WORK INSTRUCTIONS:
Everything in the entries is to be written out exactly, except for the pictures.

EXERCISE MATERIALS:
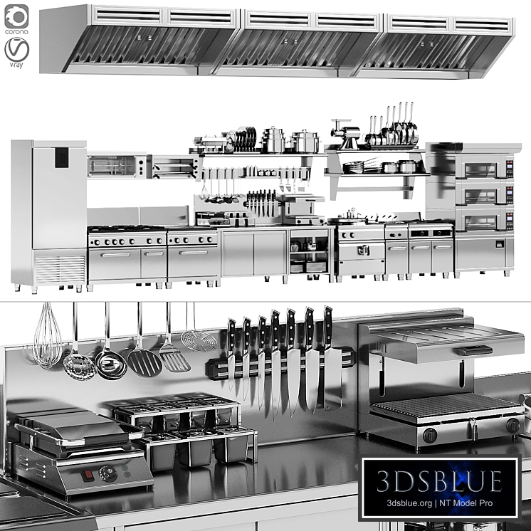 A set of equipment for cafes and restaurants. FBX+OBJ export files. Deck oven Apache E2K2P Tecnoinox TSP1 Toaster Bertos S900 SG9F6PS FG Gas Stove Bertos C Model 9P204 Cooking Kettle Bertos SG9CP40 Gas Pasta Cooker Gas deep fryer Bertos 9GL20 20M BF Electric stove Bertos E9PQ4 FE Refrigerated cabinet GN11-PULSE Chicken grill ATESY 21M Sirman Mobile Pro 11g Salamander Grill Panini Grill Hopert
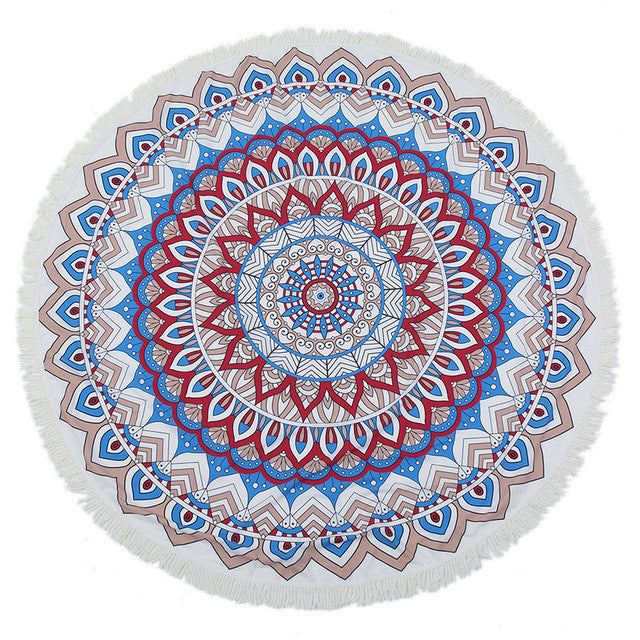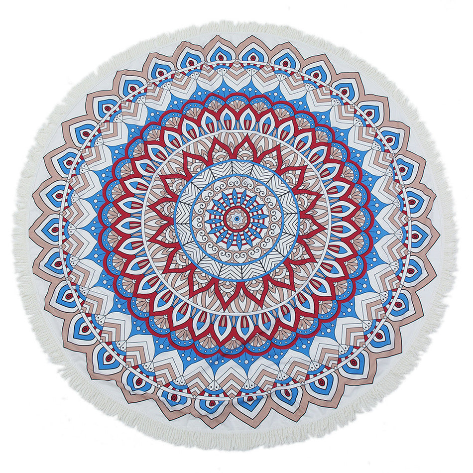 Red leaf Blue Round Mandala Beach Towel Tassel Fringing Beach Throw Round Mat Table Cloth Wall Tapestries Polyester 150x150cm
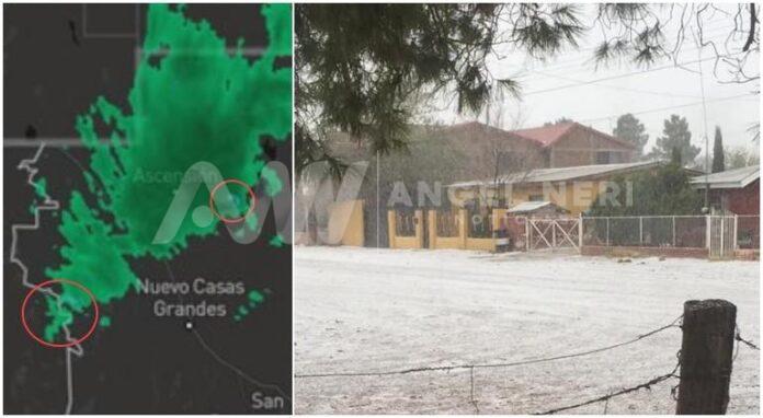 En la segunda imagen, de las 5:41 a.m. (hora del centro de México), el radar detecta menor cantidad de lluvias y presencia de nieve de forma más puntual en el norte de Ascensión y Janos.
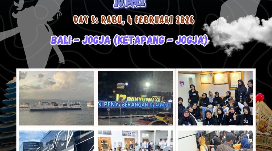 Alhamdulillah kegiatan wisata budaya Muchild sudah terlaksana dengan baik. Hari ke 5, Rabu 4 Februari 2026 Perjalanan meninggalkan Pulau Dewata menuju Jogja melaluiPelabuhan Penyeberangan Ketapang. Ketapang merupakan Pelabuhan yang terletak di Kecamatan Kalipuro, Banyuwangi yang menghubungkan Pulau Jawa dengan Pulau Bali via perhubungan laut (Selat Bali). Pelabuhan Ketapang berada dalam naungan dan pengelolaan dari ASDP Indonesia Ferry. Di perjalanan rombongan Muchild singgah di Masjid untuk melasanakan salat subuh berjamaah. Lalu...Baca selengkapnya
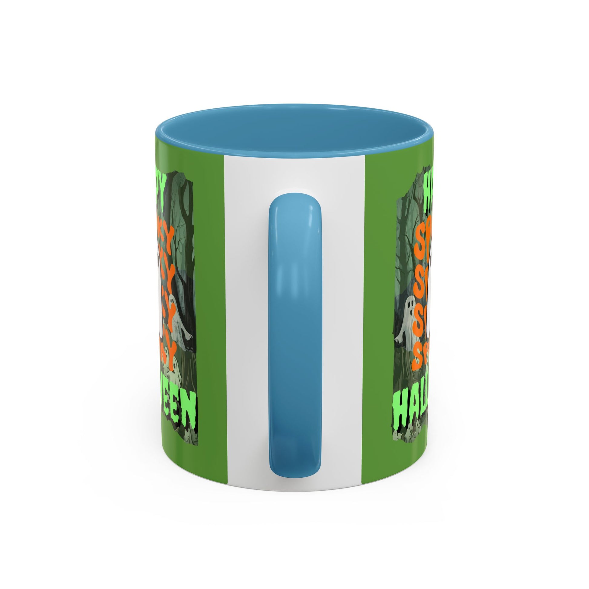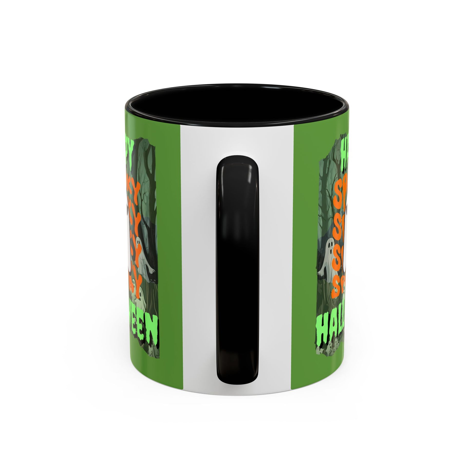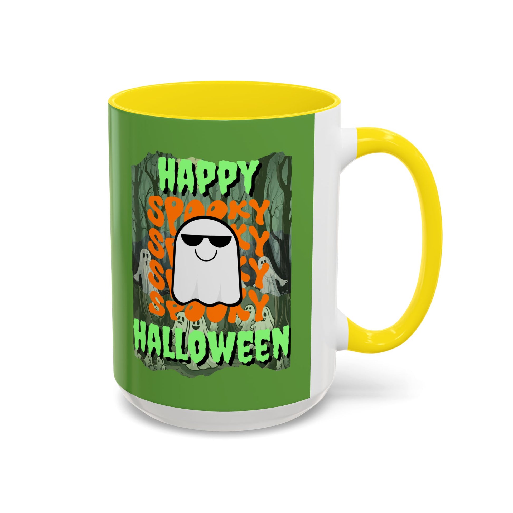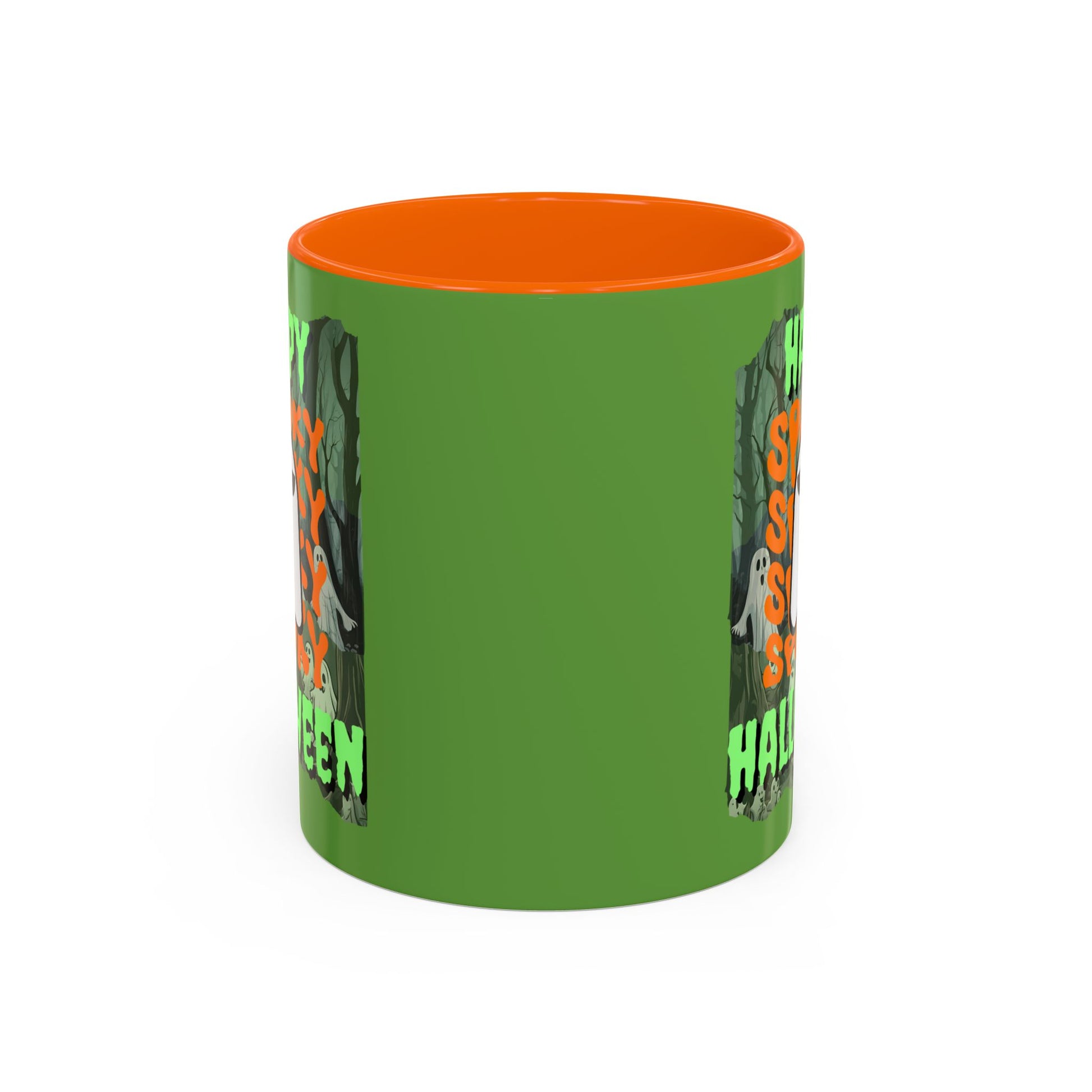 Spooky Happy Halloween Ghost Green font Green Accent Mug by CreepyCrafts.boo

ANSWER BOX:
 A set of equipment for cafes and restaurants. FBX+OBJ export files. Deck oven Apache E2K2P Tecnoinox TSP1 Toaster Bertos S900 SG9F6PS FG Gas Stove Bertos C Model 9P204 Cooking Kettle Bertos SG9CP40 Gas Pasta Cooker Gas deep fryer Bertos 9GL20 20M BF Electric stove Bertos E9PQ4 FE Refrigerated cabinet GN11-PULSE Chicken grill ATESY 21M Sirman Mobile Pro 11g Salamander Grill Panini Grill Hopert
 Red leaf Blue Round Mandala Beach Towel Tassel Fringing Beach Throw Round Mat Table Cloth Wall Tapestries Polyester 150x150cm
 En la segunda imagen, de las 5:41 a.m. (hora del centro de México), el radar detecta menor cantidad de lluvias y presencia de nieve de forma más puntual en el norte de Ascensión y Janos.
 Alhamdulillah kegiatan wisata budaya Muchild sudah terlaksana dengan baik. Hari ke 5, Rabu 4 Februari 2026 Perjalanan meninggalkan Pulau Dewata menuju Jogja melaluiPelabuhan Penyeberangan Ketapang. Ketapang merupakan Pelabuhan yang terletak di Kecamatan Kalipuro, Banyuwangi yang menghubungkan Pulau Jawa dengan Pulau Bali via perhubungan laut (Selat Bali). Pelabuhan Ketapang berada dalam naungan dan pengelolaan dari ASDP Indonesia Ferry. Di perjalanan rombongan Muchild singgah di Masjid untuk melasanakan salat subuh berjamaah. Lalu...Baca selengkapnya
 Spooky Happy Halloween Ghost Green font Green Accent Mug by CreepyCrafts.boo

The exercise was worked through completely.